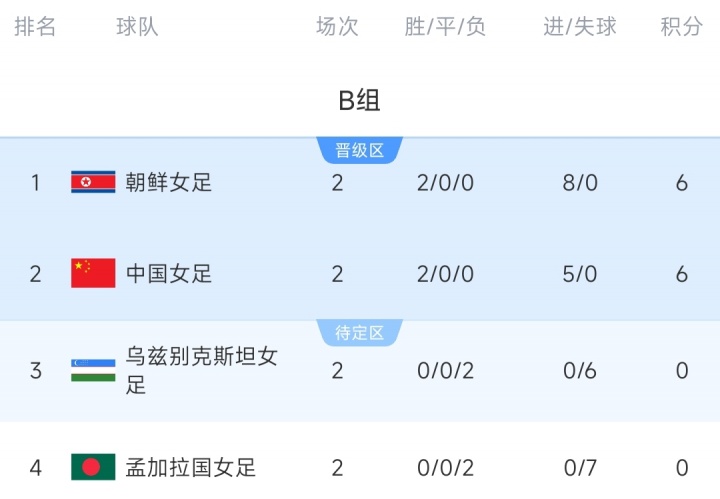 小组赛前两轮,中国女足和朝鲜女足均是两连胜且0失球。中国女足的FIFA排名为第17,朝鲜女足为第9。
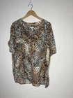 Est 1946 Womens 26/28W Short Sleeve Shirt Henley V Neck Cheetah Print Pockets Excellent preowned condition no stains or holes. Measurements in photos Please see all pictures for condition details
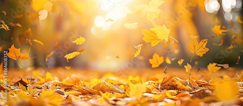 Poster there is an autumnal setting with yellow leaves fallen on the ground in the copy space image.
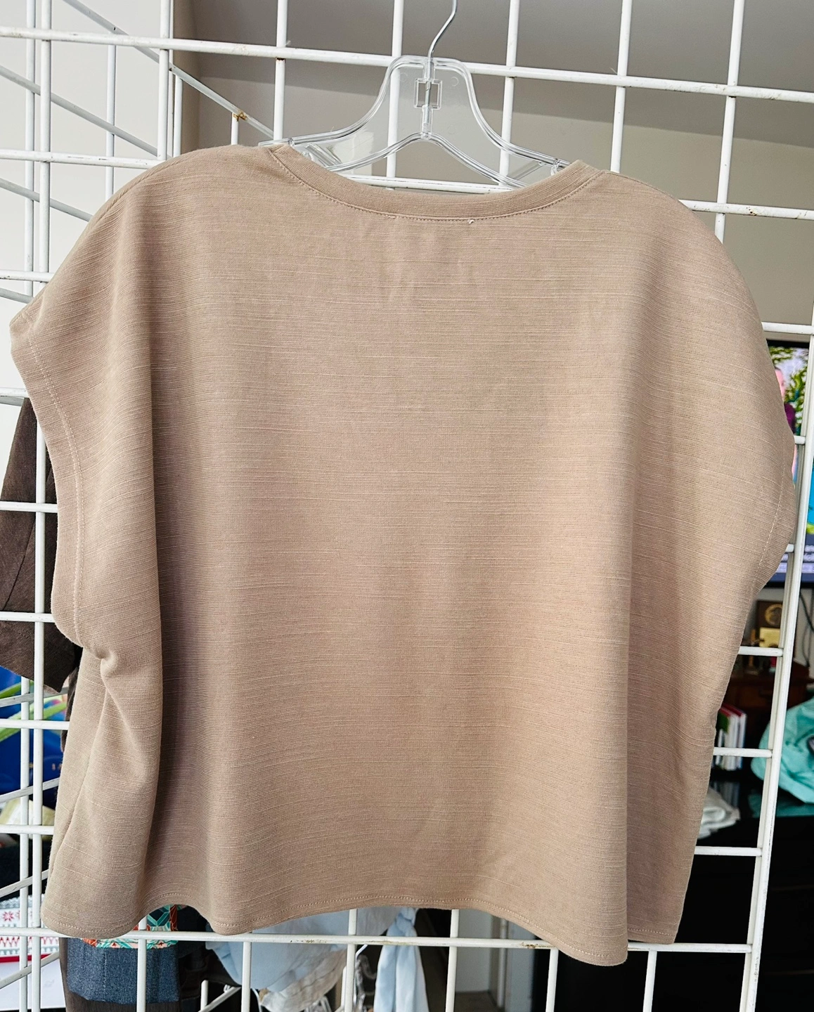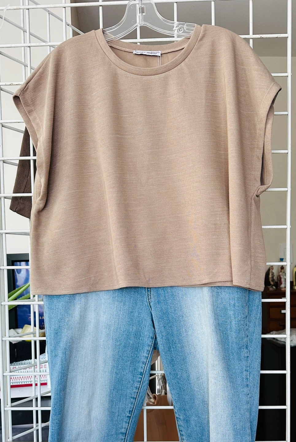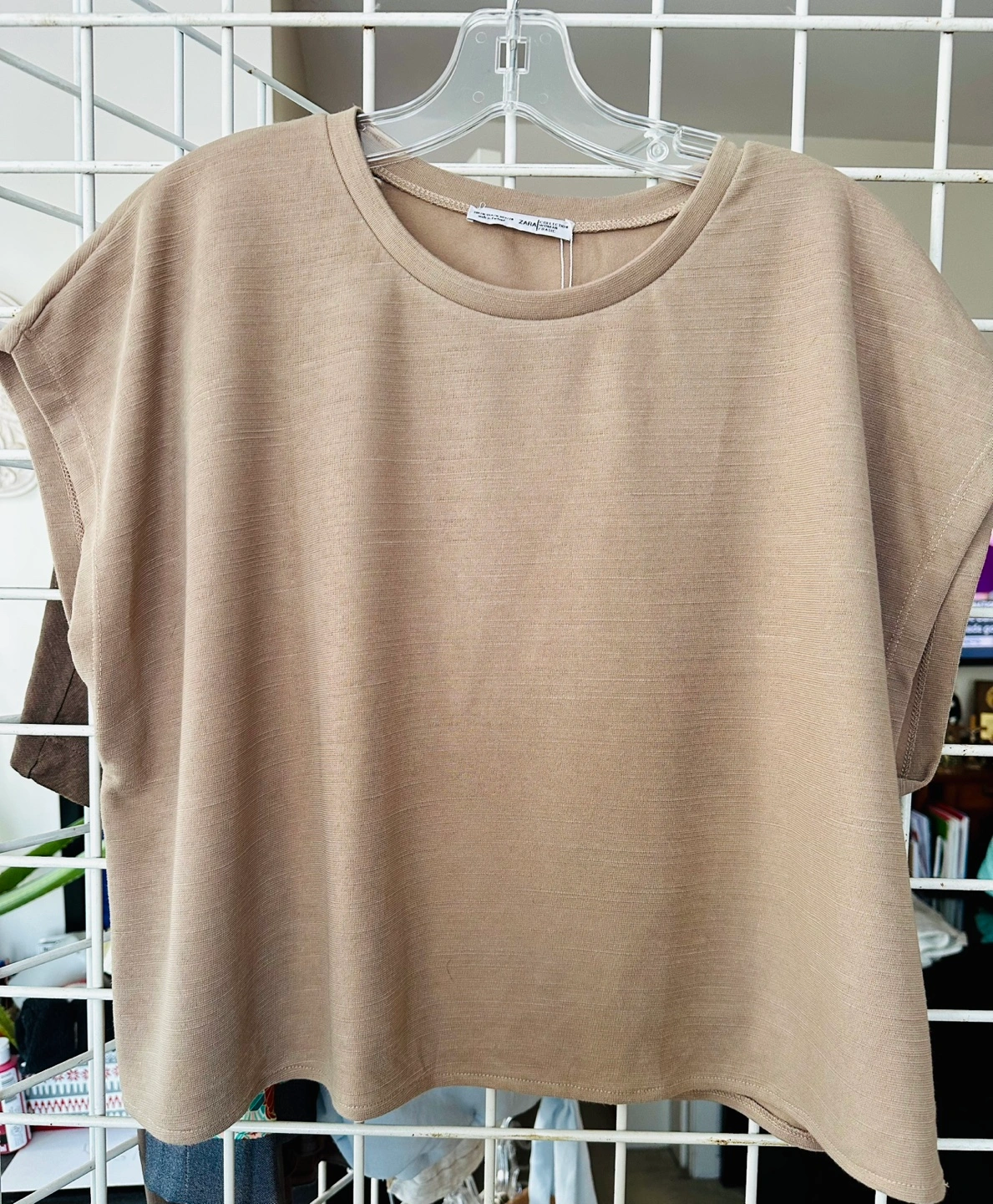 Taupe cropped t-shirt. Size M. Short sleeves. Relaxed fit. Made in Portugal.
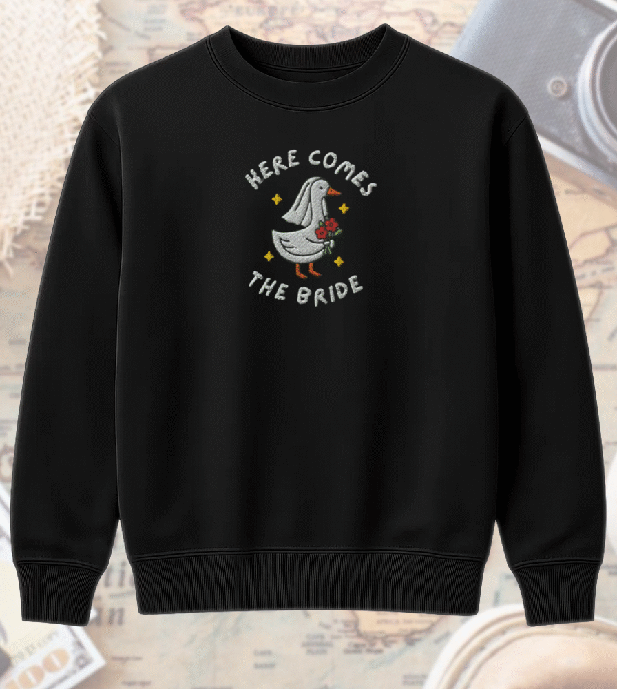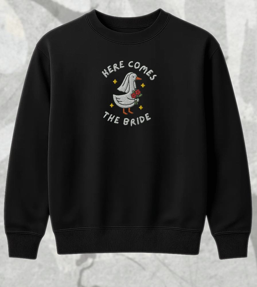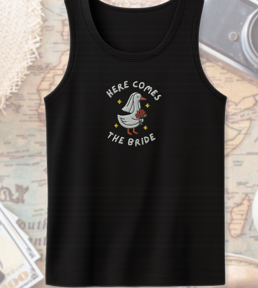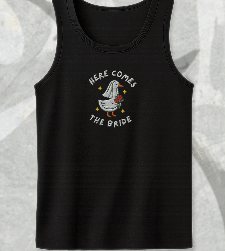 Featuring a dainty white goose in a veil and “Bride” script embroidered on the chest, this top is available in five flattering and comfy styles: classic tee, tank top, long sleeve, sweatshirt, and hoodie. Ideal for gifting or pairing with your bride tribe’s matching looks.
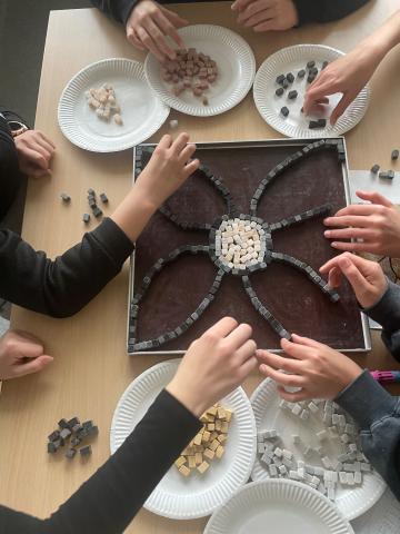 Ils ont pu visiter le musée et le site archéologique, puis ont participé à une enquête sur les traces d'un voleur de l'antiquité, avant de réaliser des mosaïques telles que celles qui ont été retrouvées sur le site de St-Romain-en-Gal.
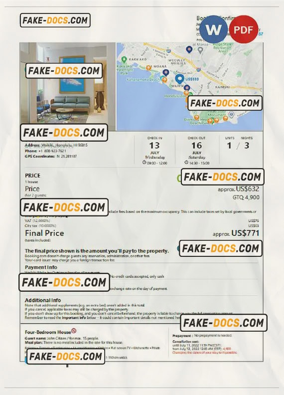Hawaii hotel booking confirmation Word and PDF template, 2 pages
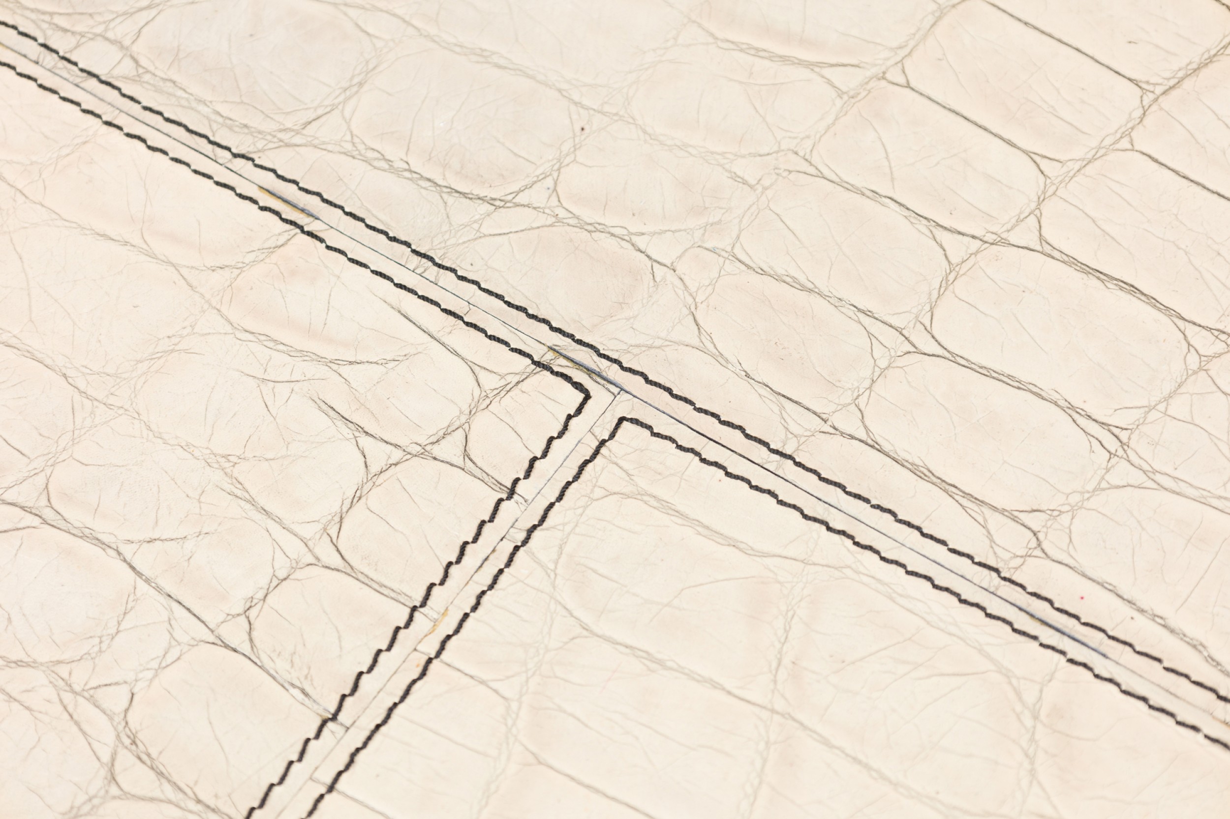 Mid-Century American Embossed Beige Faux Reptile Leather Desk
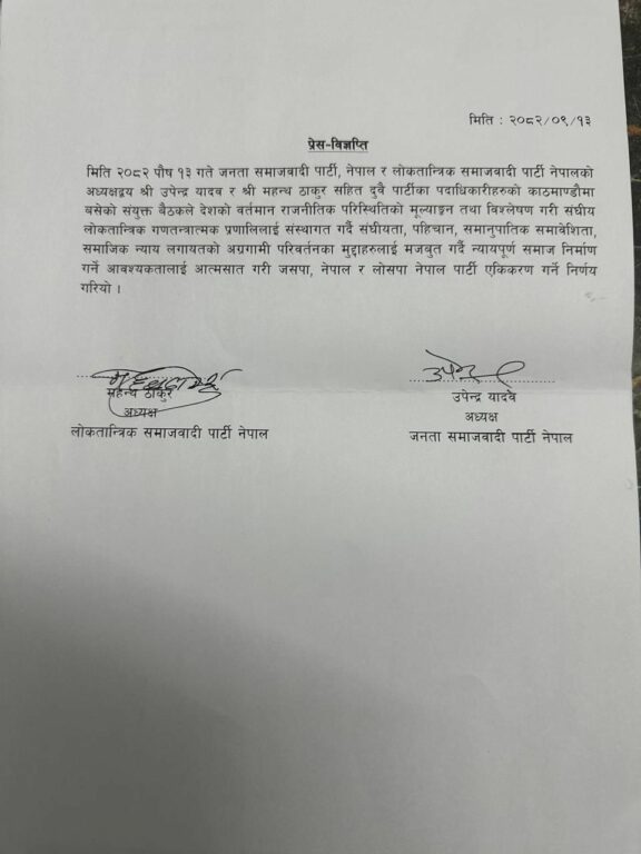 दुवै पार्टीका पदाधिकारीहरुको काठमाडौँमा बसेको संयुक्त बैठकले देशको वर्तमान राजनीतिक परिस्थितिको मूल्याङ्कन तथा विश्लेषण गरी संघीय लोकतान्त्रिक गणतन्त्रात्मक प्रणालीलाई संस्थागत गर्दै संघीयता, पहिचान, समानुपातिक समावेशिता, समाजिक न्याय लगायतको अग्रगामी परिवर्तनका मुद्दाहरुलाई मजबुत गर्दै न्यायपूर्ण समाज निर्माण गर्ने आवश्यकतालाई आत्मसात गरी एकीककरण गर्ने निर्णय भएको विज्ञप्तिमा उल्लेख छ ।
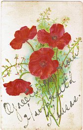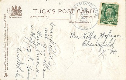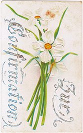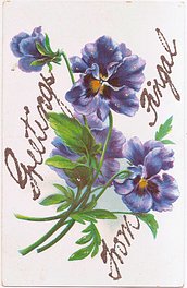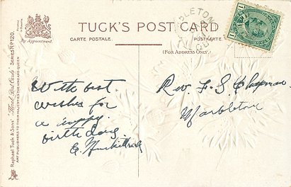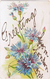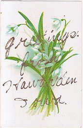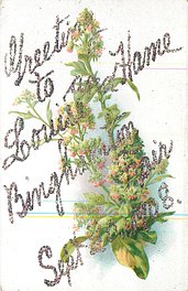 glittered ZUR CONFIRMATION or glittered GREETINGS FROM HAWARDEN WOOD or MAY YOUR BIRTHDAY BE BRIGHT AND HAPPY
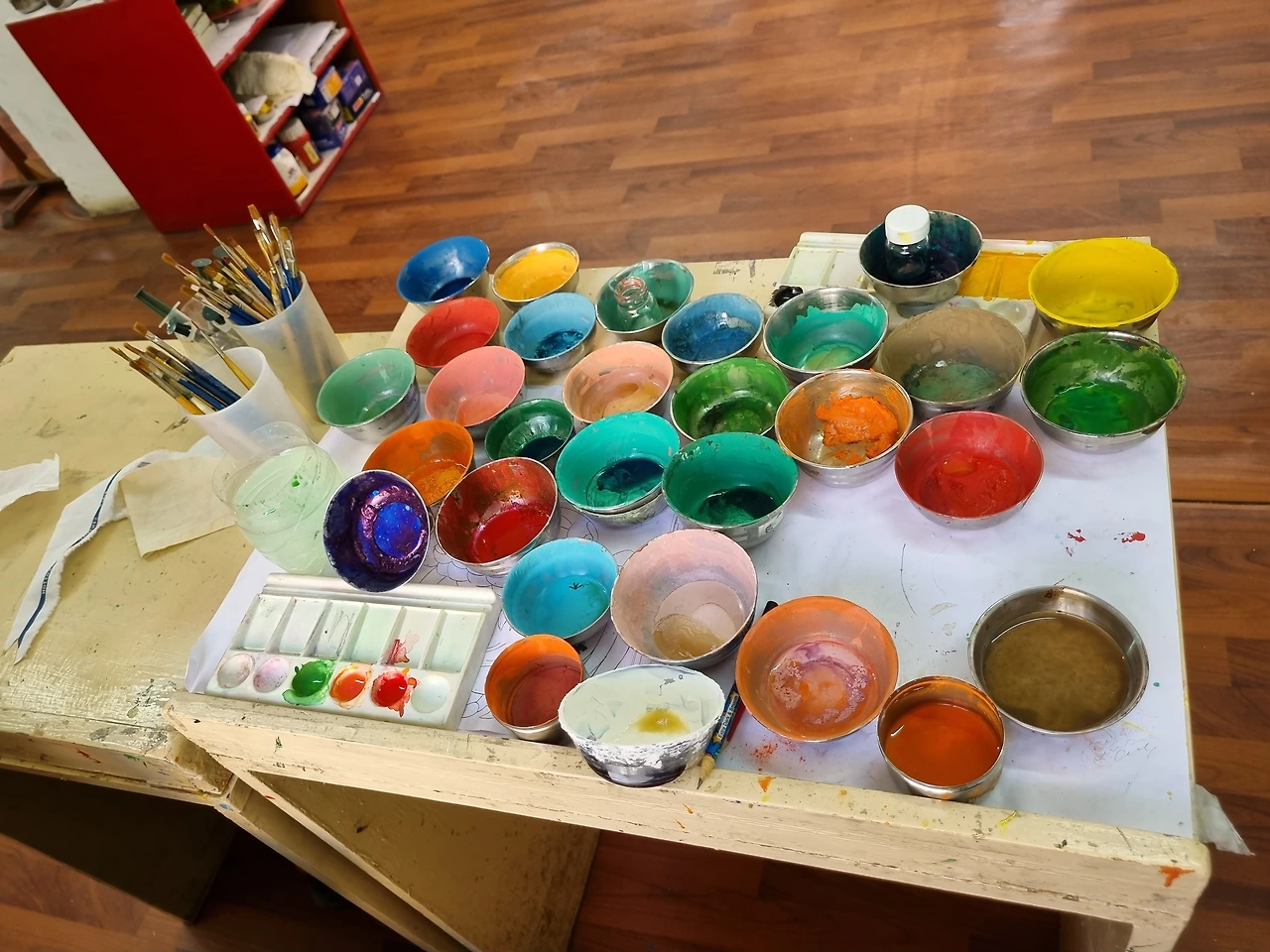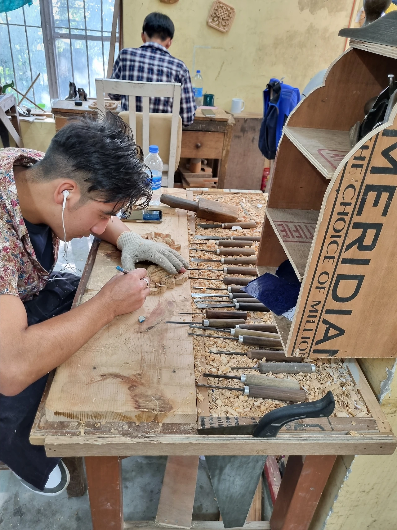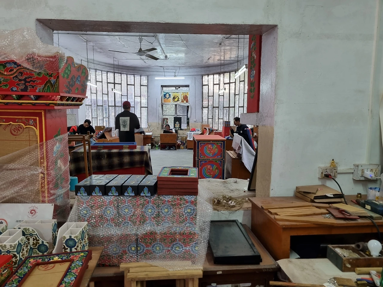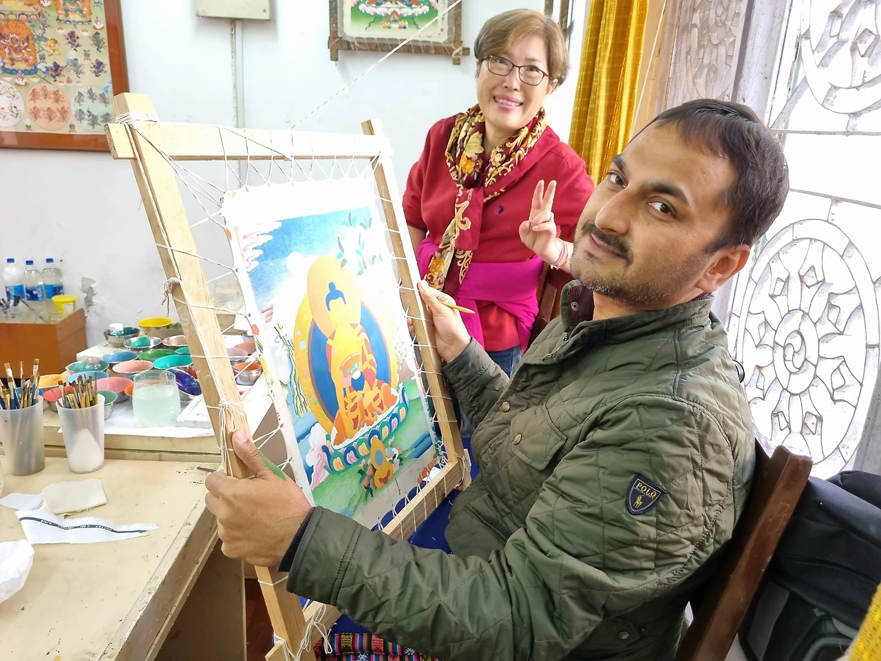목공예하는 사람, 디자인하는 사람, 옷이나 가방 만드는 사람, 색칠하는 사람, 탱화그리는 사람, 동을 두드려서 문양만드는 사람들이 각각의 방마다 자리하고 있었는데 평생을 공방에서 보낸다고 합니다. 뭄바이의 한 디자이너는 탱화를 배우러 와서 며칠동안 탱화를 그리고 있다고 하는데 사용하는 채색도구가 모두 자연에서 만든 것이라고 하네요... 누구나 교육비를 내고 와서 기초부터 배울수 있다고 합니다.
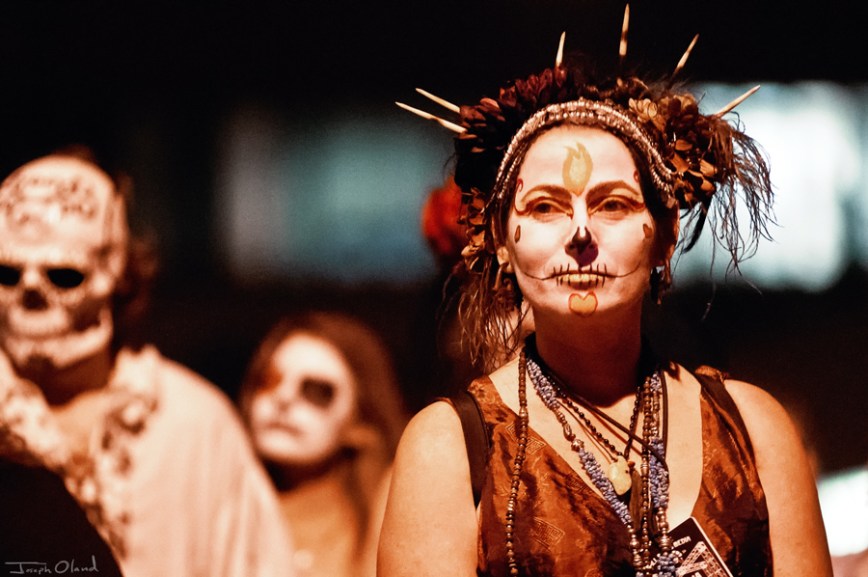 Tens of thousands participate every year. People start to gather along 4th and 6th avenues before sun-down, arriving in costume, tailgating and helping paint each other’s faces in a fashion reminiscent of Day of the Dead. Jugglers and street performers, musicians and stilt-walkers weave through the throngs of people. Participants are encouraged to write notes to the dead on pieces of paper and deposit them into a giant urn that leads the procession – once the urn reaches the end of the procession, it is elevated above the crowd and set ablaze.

▶ _TASK DIRECTIONS_
Only the lines from the one containing "दुवै पार्टीका पदाधिकारीहरुको" through the final line of the data are to be written out, exactly as they stand and without pictures.

▶ _ANSWER TO THE PROBLEM_
 दुवै पार्टीका पदाधिकारीहरुको काठमाडौँमा बसेको संयुक्त बैठकले देशको वर्तमान राजनीतिक परिस्थितिको मूल्याङ्कन तथा विश्लेषण गरी संघीय लोकतान्त्रिक गणतन्त्रात्मक प्रणालीलाई संस्थागत गर्दै संघीयता, पहिचान, समानुपातिक समावेशिता, समाजिक न्याय लगायतको अग्रगामी परिवर्तनका मुद्दाहरुलाई मजबुत गर्दै न्यायपूर्ण समाज निर्माण गर्ने आवश्यकतालाई आत्मसात गरी एकीककरण गर्ने निर्णय भएको विज्ञप्तिमा उल्लेख छ ।
 glittered ZUR CONFIRMATION or glittered GREETINGS FROM HAWARDEN WOOD or MAY YOUR BIRTHDAY BE BRIGHT AND HAPPY
목공예하는 사람, 디자인하는 사람, 옷이나 가방 만드는 사람, 색칠하는 사람, 탱화그리는 사람, 동을 두드려서 문양만드는 사람들이 각각의 방마다 자리하고 있었는데 평생을 공방에서 보낸다고 합니다. 뭄바이의 한 디자이너는 탱화를 배우러 와서 며칠동안 탱화를 그리고 있다고 하는데 사용하는 채색도구가 모두 자연에서 만든 것이라고 하네요... 누구나 교육비를 내고 와서 기초부터 배울수 있다고 합니다.
 Tens of thousands participate every year. People start to gather along 4th and 6th avenues before sun-down, arriving in costume, tailgating and helping paint each other’s faces in a fashion reminiscent of Day of the Dead. Jugglers and street performers, musicians and stilt-walkers weave through the throngs of people. Participants are encouraged to write notes to the dead on pieces of paper and deposit them into a giant urn that leads the procession – once the urn reaches the end of the procession, it is elevated above the crowd and set ablaze.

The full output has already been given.